En s’appuyant sur une histoire vraie (voir ci-dessous), Audrey Diwan, pour sa première réalisation, met en scène -sinon avec ses ressorts, du moins, avec ses ressources- un thriller intime. En même temps, au-delà du suspense, Mais vous êtes fous repose sur un triangle amoureux où la drogue intervient comme une maîtresse…
Parce qu’elle a été nourrie au bon lait d’auteurs comme Robert Bresson, Ken Loach ou Hirokazu Kore-eda, la cinéaste s’applique, ici, à dire beaucoup de choses en usant d’une belle économie de moyens. Dans le même temps, Audrey Diwan partage aussi le goût de son compagnon Cédric Jimenez (pour lequel elle a signé trois scénarios dont ceux de La French en 2012 et HHhH en 2015) pour le film noir et le cinéma américain.

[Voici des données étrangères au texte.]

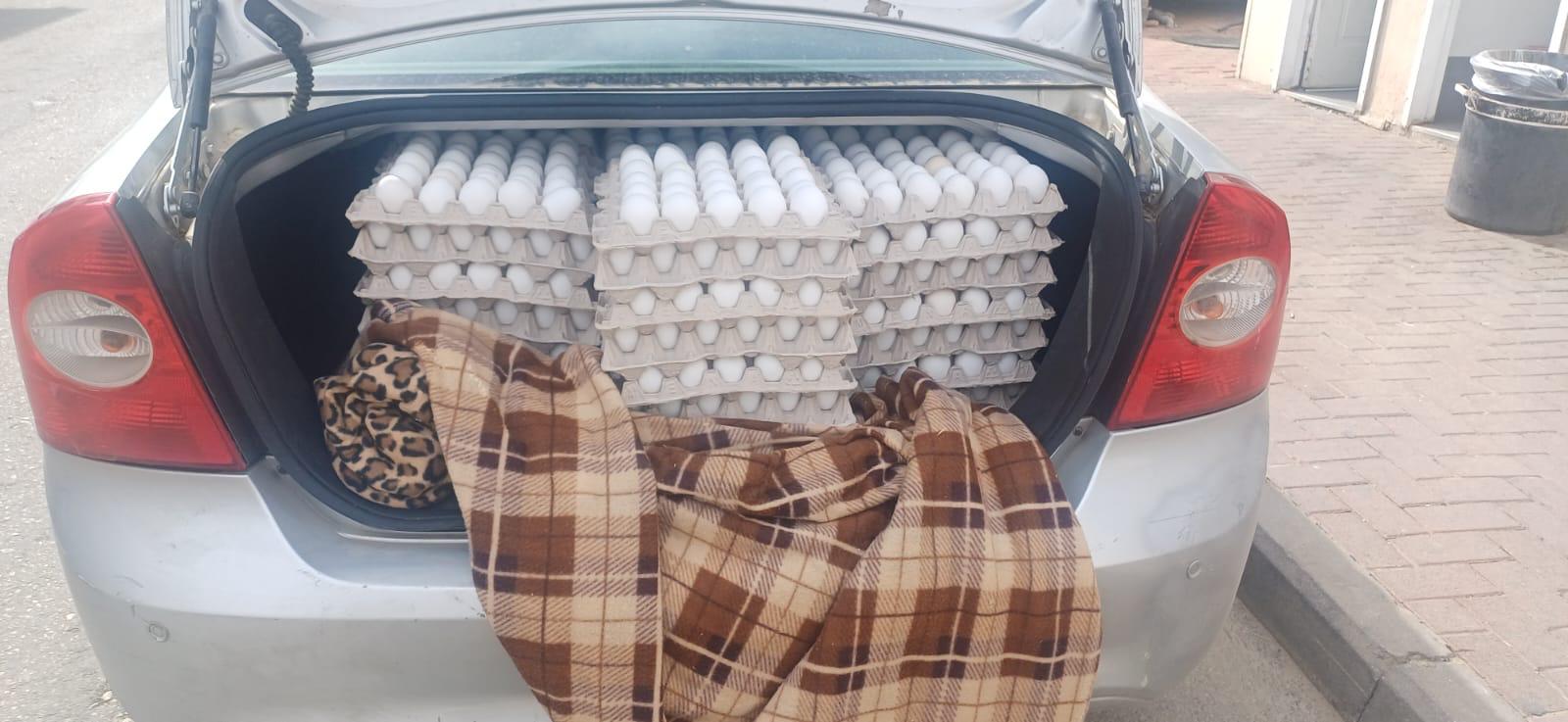 במחסום חיזמא, תפסו מפקחי המשרד חשוד שהעביר כ-1,500 ביצים לא מפוקחות וללא היתר יבוא, שהוברחו משטחי הרשות. על פי החשד, הביצים יועדו להפצה בשווקים ובמרכולים בירושלים ובסביבתה. מחקירה ראשונית עולה כי, החשוד ואשתו כבני 70, תושבי מזרח ירושלים, הסתירו את תבניות הביצים בתא המטען ובפנים הרכב באמצעות שמיכות. גם במעבר חשמונאים סמוך למודיעין עילית נתפסו כ-1,000 ביצים לא מפוקחות וללא היתר יבוא. בכלל המקרים, התוצרת שנתפסה הועברה להשמדה בצו רופא. הכסף שנתפס הועבר למשטרת ישראל להמשך טיפול, וכלל החשודים הועברו להמשך חקירה.
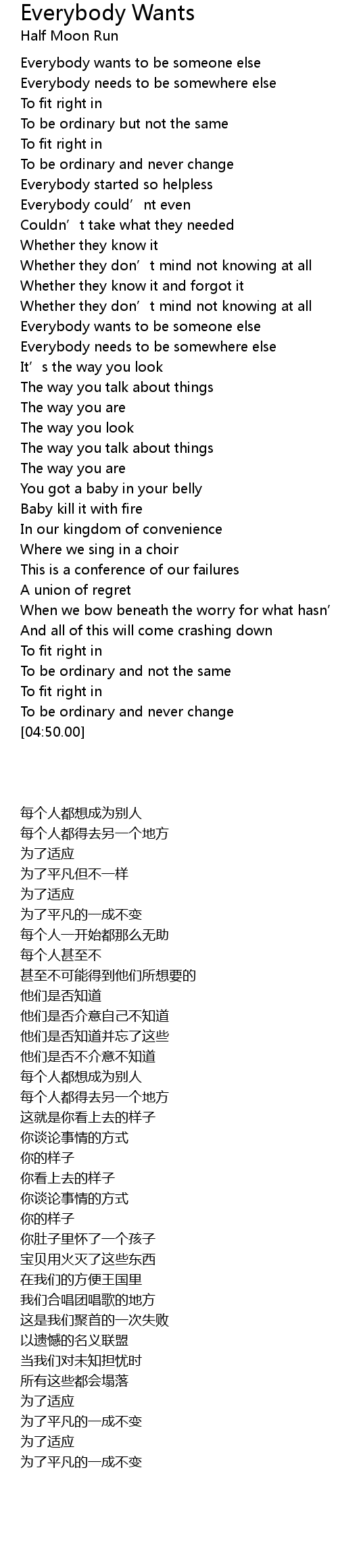 | [02:47.00] | Everybody wants to be someone else |
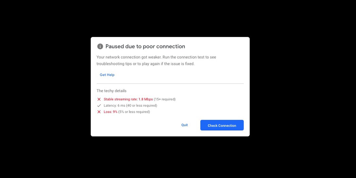 В случае критического ухудшения качества связи Project Stream расскажет, что именно пошло не так, и предложит провести тестирование канала. Мы не знаем, что происходит с игрой во время вынужденного перерыва; возможно, она ставится на паузу.

Autour de ces deux approches, Mais vous êtes fous se concentre d’abord sur le personnage de Roman, de ses relations avec Camille, sa femme mais aussi Bianca et Lucie qu’il aime, toutes, réellement. C’est autour de Roman que vont s’organiser les « éléments extérieurs » que sont l’intervention de la médecine (pour le sevrage de Roman), de la police (ah, l’appartement ravagé par la perquisition, véritable métaphore d’une existence saccagée), des services de la DDASS pour le placement des fillettes ou encore de l’avocate de Roman sans oublier le court coup de projecteur sur les parents de Camille : « On lui avait ouvert les bras. Maintenant, on fait comme s’il était mort… »

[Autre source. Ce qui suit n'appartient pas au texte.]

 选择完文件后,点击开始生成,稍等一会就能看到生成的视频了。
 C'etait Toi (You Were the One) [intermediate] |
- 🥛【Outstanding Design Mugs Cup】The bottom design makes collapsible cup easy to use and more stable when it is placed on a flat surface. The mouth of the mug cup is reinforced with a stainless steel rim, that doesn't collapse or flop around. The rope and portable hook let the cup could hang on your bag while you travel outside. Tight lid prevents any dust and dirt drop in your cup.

Le second et le troisième actes du film vont, eux, se focaliser d’abord sur Camille puis sur le couple tandis que le thriller cède le pas, cette fois, au drame conjugal. Passant de la colère à l’amour et réciproquement, Camille est prise dans la spirale vertigineuse du doute. Sitôt que Roman se rend dans la salle de bains, c’est une sourde et contagieuse angoisse qui s’empare de Camille. Tout est pareil et plus rien n’est pareil. Plus rien ne semble possible et pourtant Camille et Roman s’aiment toujours, même contre le reste du monde. Désormais l’inquiétude et le soupçon appartiennent inévitablement à leur quotidien.
Avec un jeu volontairement rentré, Pio Marmaï est un père paumé qui aime profondément ses filles et qui a profondément peur de les perdre. Roman est un père très présent, très tactile et qui, par là même, paradoxalement, contamine ses filles… Quant à Céline Sallette qui s’impose de plus en plus comme l’une des meilleures comédiennes de sa génération, elle est une Camille prise entre la raison qui doit la mener à la séparation et la passion qui la force au recommencement. D’un seul regard dans un visage défait, dans un état d’abandon proche du somnambulisme, Céline Sallette réussit à faire affleurer toutes les questions, tous les doutes, toutes les affres d’une Camille en état de sidération… Sans poser de jugement moral sur l’addiction de Roman et sur le drame qu’elle provoque, Audrey Diwan pose la question : « L’amour a-t-il une chance quand la confiance est rompue ?». Et cela nous vaut une œuvre dense et prenante. Une réussite !
MAIS VOUS ETES FOUS Drame (France – 1h35) d’Audrey Diwan avec Pio Marmaï, Céline Sallette, Carole Franck, Jean-Marie Winling, Lola Rosa Lavielle, Keren-Ann Zajtelbach, Maxence Tual, Valérie Donzelli, Jeanne Rosa, Anne Loiret, Laurent Bateau. Dans les salles le 24 avril.
RENCONTRE Audrey Diwan : « Une impression de puissance qui ne dure pas »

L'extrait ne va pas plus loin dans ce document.